Hai, apa kabar? Semoga harimu baik-baik saja ya. Akupun berharap begitu, agar kamu selalu maksimal menjalankan rutinitas pengabdian yang katamu "Demi Kemanusiaan" itu. Aku ramal, saat kamu mulai membuka buku ini, kamu akan melihat kata sapaan dariku yang biasanya kamu pakai saat membuka bicara setelah lama tak bercengkrama, hehe.

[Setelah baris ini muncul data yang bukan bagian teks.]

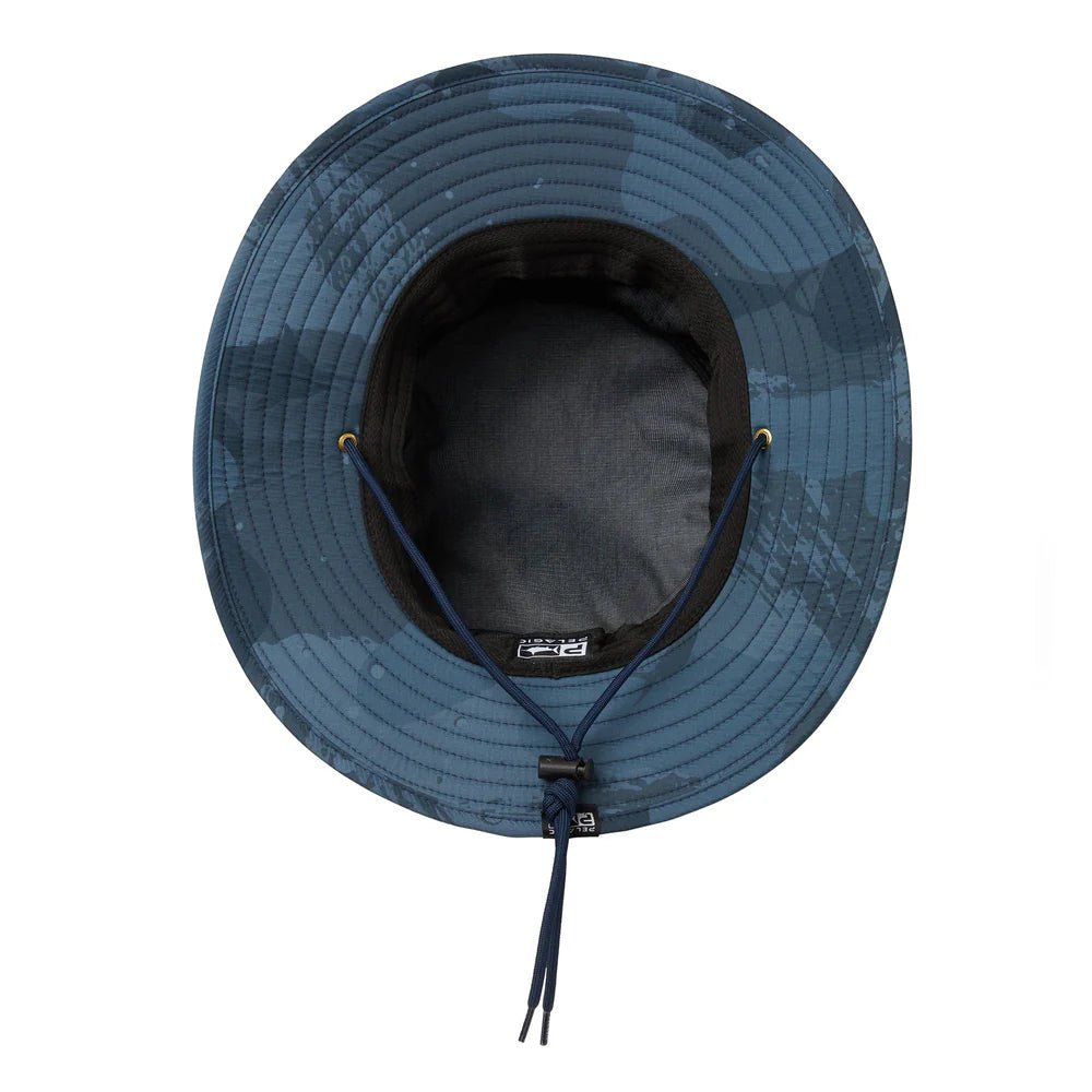 Essential sun protection for water enthusiasts, the Pelagic Sun Setter delivers lightweight comfort with a wide brim designed to shield you from intense UV exposure. Built with ultralight recycled polyester, a moisture-wicking headband, and adjustable straps, this hat keeps you cool and secure whether you're surfing, fishing, or spending long hours on the water.

Obrolan kita dulu asik ya, penuh gelak tawa, bercanda, tertawa lepas seperti anak kecil kegirangan yang dibiarkan jajan banyak di supermarket oleh mamanya. Teramat bahagia jika dikenang masa itu. Apa kamu ingat saat kita menyusuri jalan panjang tak tau arah dengan motor setelah kamu pulang dari rutinitas sehari-harimu itu? Kamu orang pertama yang menungguku di depan gang kost-an agar tidak ketahuan penghuni kost yang lain. Eh ternyata, kita berpapasan langsung dengan ibuk kost. Memasang muka tak bersalah dan tetap ramah menyapa ibuk kost yang amat sangat baik hati adalah solusi yang muncul saat kepepet waktu itu. Aku masih ingat jelas saat matamu jelalatan melihat buah duren orang yang masih di pohon sampai-sampai motormu memasuki lobang besar di jalan saat itu.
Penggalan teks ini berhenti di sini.